# 2450 vs 210r



## gibbs296 (Jun 22, 2014)

So my 2450 was going to be one of my go to machines. I installed new paddles, scraper bar, and it kinda sucks. The issue I have is in its paddle to ground clearance. The 210r and powerlight both pull forward nicely. Not my 2450. Wrong paddles? Older design? Any thoughts?


----------



## aldfam4 (Dec 25, 2016)

gibbs296 said:


> So my 2450 was going to be one of my go to machines. I installed new paddles, scraper bar, and it kinda sucks. The issue I have is in its paddle to ground clearance. The 210r and powerlight both pull forward nicely. Not my 2450. Wrong paddles? Older design? Any thoughts?
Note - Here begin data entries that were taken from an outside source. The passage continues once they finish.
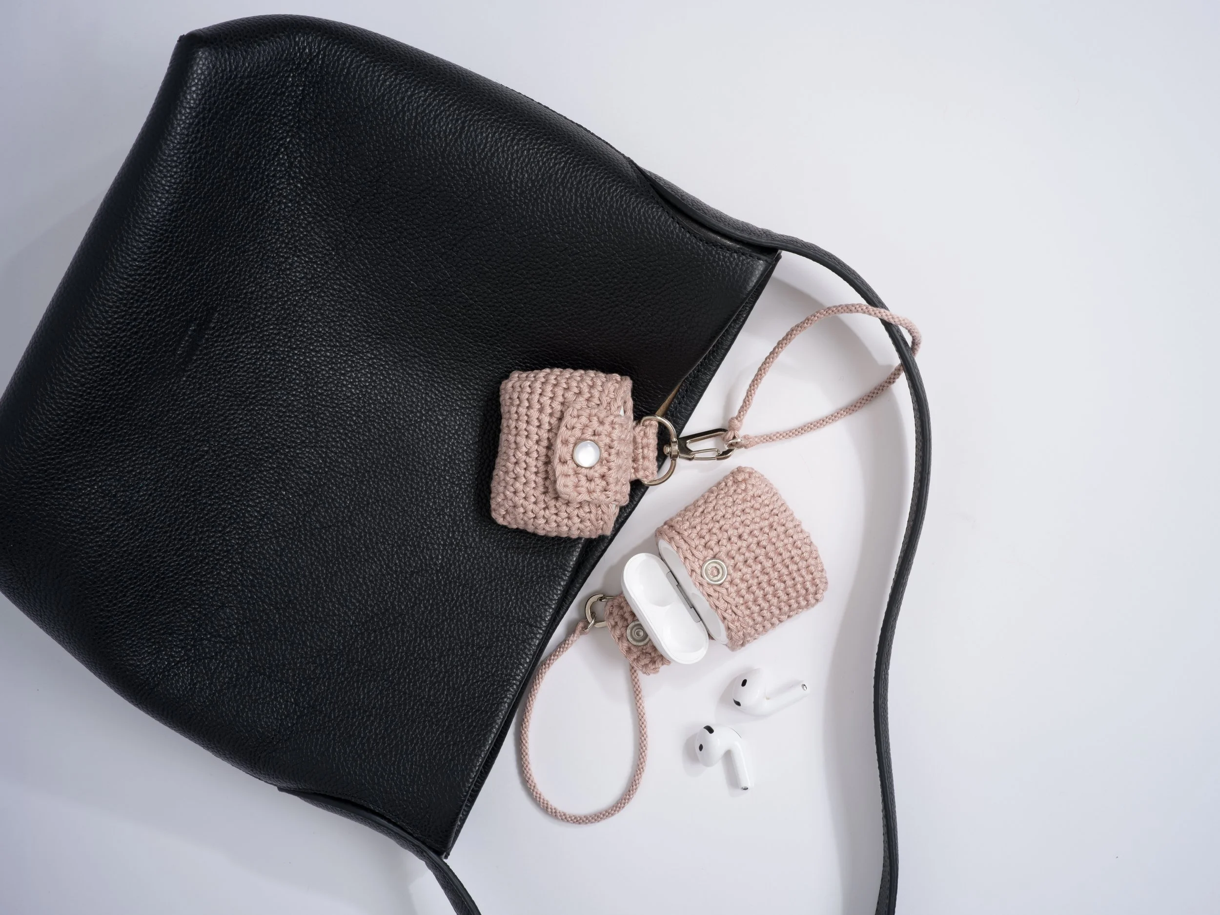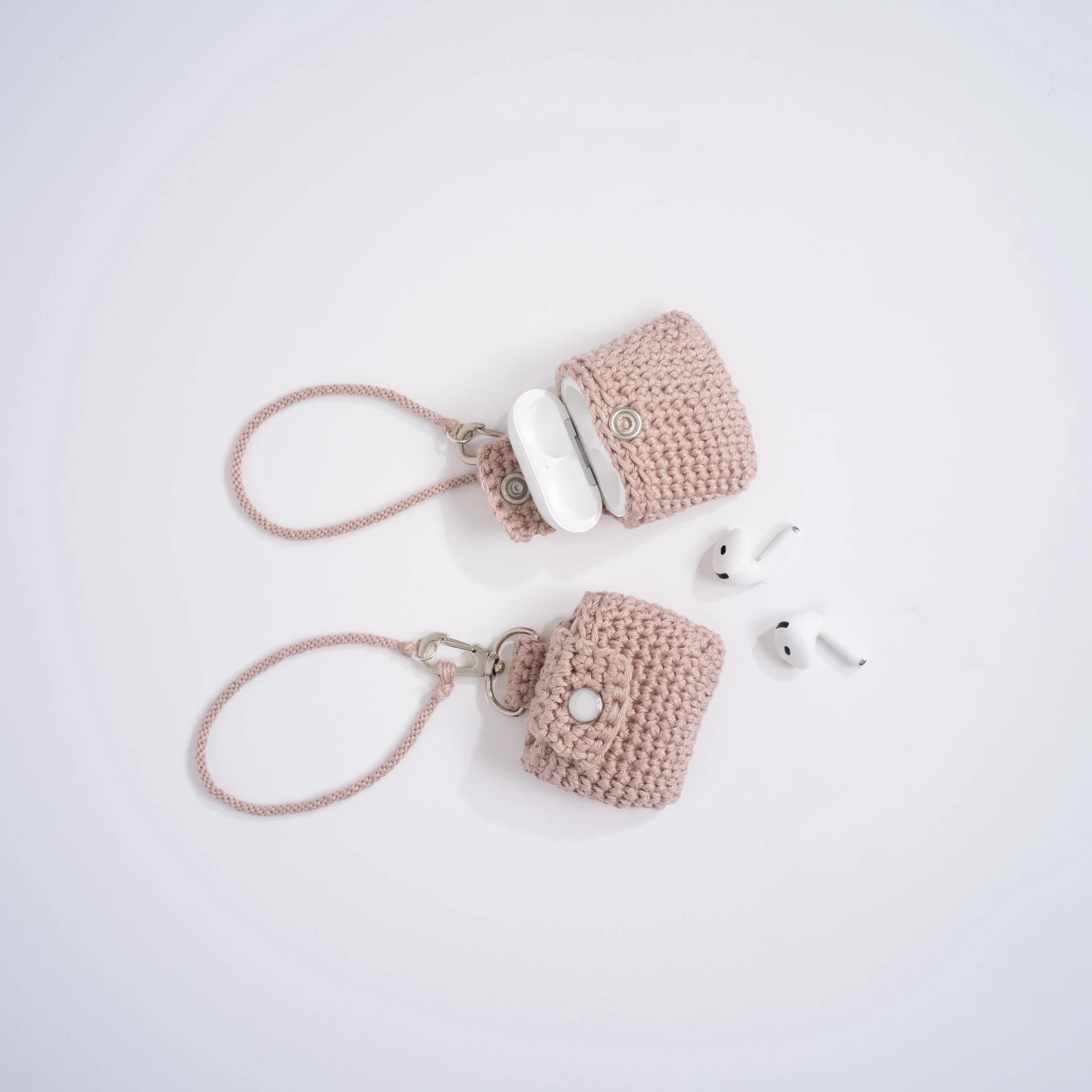 Hæklet AirPods holder. 7 × 6 × 2 cm.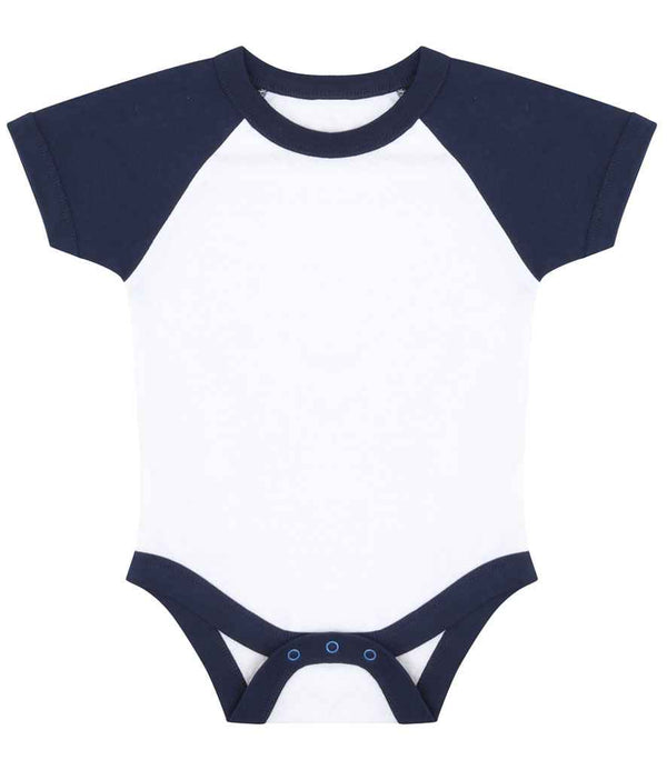 Larkwood Essential Short Sleeve Baby Baseball Bodysuit | White/Navy.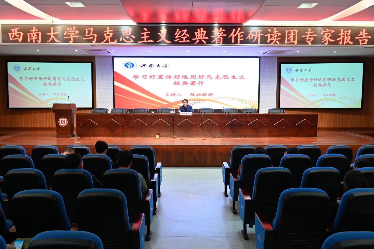 成立仪式后,研读团专家指导组组长陈跃教授为全体团员和现场同学作了马克思主义经典著作系列专题讲座第一讲:“学习好宣传好运用好马克思主义经典著作”。陈跃教授从如何学习好马克思主义经典著作出发,引用经典中的“精典”向同学们传授了阅读和学习经典著作的方法。他认为,学习马克思主义经典著作要了解其历史背景,历史地理解经典著作,重点把握每一章重点内容,确定其定位,分析其意义,领会其内在精神。之后,陈跃教授围绕如何宣传好、运用好马克思主义经典著作向同学们做了详细讲解。最后,他勉励同学们要在学习和生活实践中活学活用马克思主义经典著作的理论精髓,做一个懂马研马、信马传马的青年马克思主义者。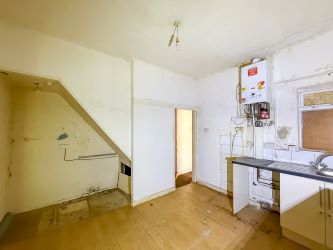 For sale by auction is this vacant two-bedroom terraced house, in need of improvement.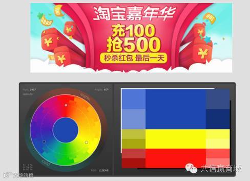 互补色配色:在色轮上直线相对的两种颜色称为补色,在下图中是红色及绿色形成强烈的对比效果,传达出活力、能量、兴奋等意义。补色要达到最佳的效果,最好是其中一种面积比较小,另一种比较大。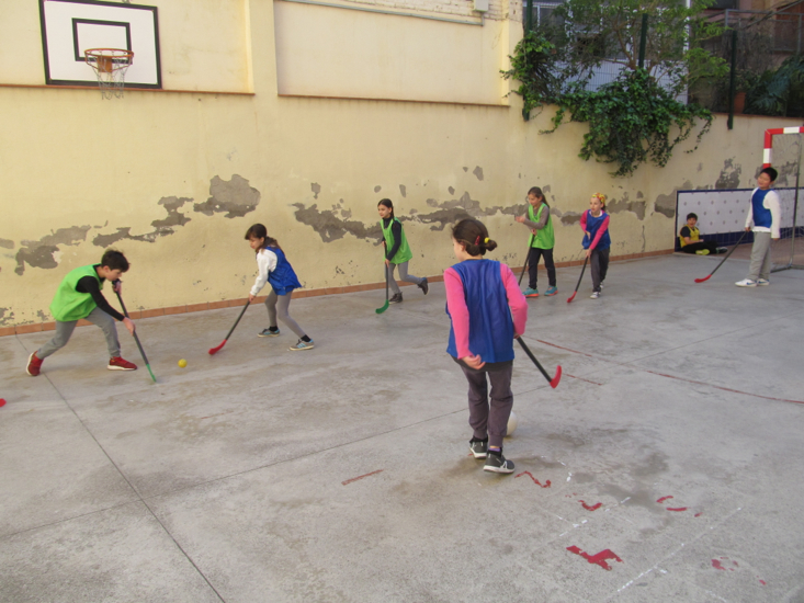 En aquest trimestre, a l’àrea d’Educació física, hem practicat dos esports: el bàsquet i l’hoquei. En aquest darrer, hem fet servir els estics i unes pilotes molt petites. Hem fet cinc sessions d’entrenament i tres de partits. Els partits eren de cinc minuts i jugàvem contra altres equips formats pels companys de classe. És molt divertit però també molt cansat!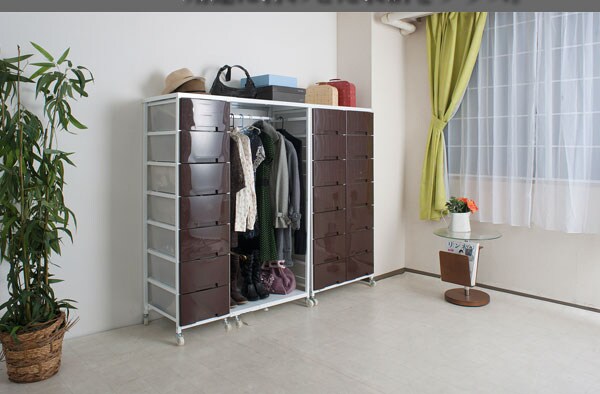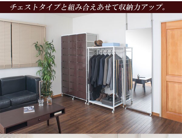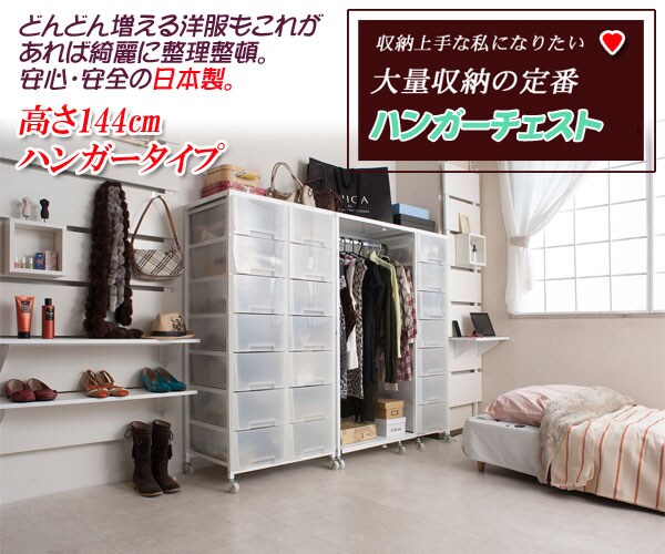 ハンガー付きプラスチックチェストシリーズ ハンガータイプ 高さ144cm チェスト 機能的 ハンガー収納 省スペースラック キャスター ワードローブ【送料無料】

I thought all single stage machines operated on the paddles pulling the machine forward from making contact with the ground and basically scraping the driveway clean. If this isn't happening, something is wrong.


----------



## Kiss4aFrog (Nov 3, 2013)

What part number paddle and scraper did you install ??
There isn't any adjustment as the scraper just bolts on so it would seem it would need to be something in the fit between those two parts. With new paddles it should clean to the surface and slightly pull itself.
Any chance you have something worn in the wheels, wheel axle, axle mount allowing the machine to lean back more than it should ??

.


----------



## toms (Nov 17, 2017)

On my 3650 you have to tilt the machine slightly forward for the paddles to pull it up the driveway.


----------



## detdrbuzzard (Jan 20, 2012)

I had some aftermarket paddles on my 2450 that was causing problems. they are worn out ( wore out fast too ) now so i'm going to get a set of OEM paddles soon


----------